Provided material
= Beginning of Section =

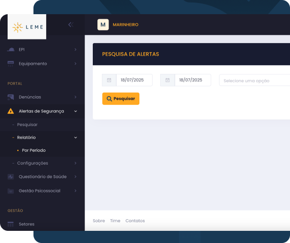 Especialistas em Segurança do Trabalho Diogenes Ferreira – DIRETOR COMERCIAL O Leme revolucionou nossa gestão de EPIs e fardamentos, trazendo mais organização, segurança e eficiência. Além de otimizar nossos processos internos, o sistema garante que nossos clientes também sejam beneficiados, recebendo um atendimento mais ágil, transparente e confiável.
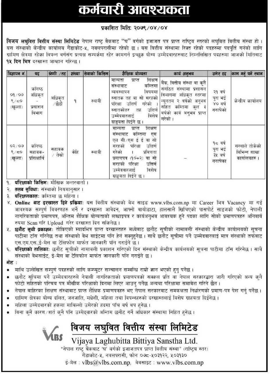 योग्यता पुगेका इच्छुक ब्यक्तिले आवश्यक कागजात संकलन गरी १५ दिनभित्र कम्पनीको वेबसाइट https://vlbs.com.np/vacancy/मार्फत दरखास्त दिन सक्नेछन् ।
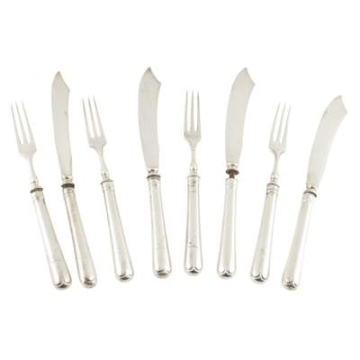 Francis Higgins, London 1880, comprising eighteen forks and eighteen knives, all of simple design, crest to terminal

= End of Section =

Problem requirements
Give the data again exactly. Keep the images out.

The answer
 Especialistas em Segurança do Trabalho Diogenes Ferreira – DIRETOR COMERCIAL O Leme revolucionou nossa gestão de EPIs e fardamentos, trazendo mais organização, segurança e eficiência. Além de otimizar nossos processos internos, o sistema garante que nossos clientes também sejam beneficiados, recebendo um atendimento mais ágil, transparente e confiável.
 योग्यता पुगेका इच्छुक ब्यक्तिले आवश्यक कागजात संकलन गरी १५ दिनभित्र कम्पनीको वेबसाइट https://vlbs.com.np/vacancy/मार्फत दरखास्त दिन सक्नेछन् ।
 Francis Higgins, London 1880, comprising eighteen forks and eighteen knives, all of simple design, crest to terminal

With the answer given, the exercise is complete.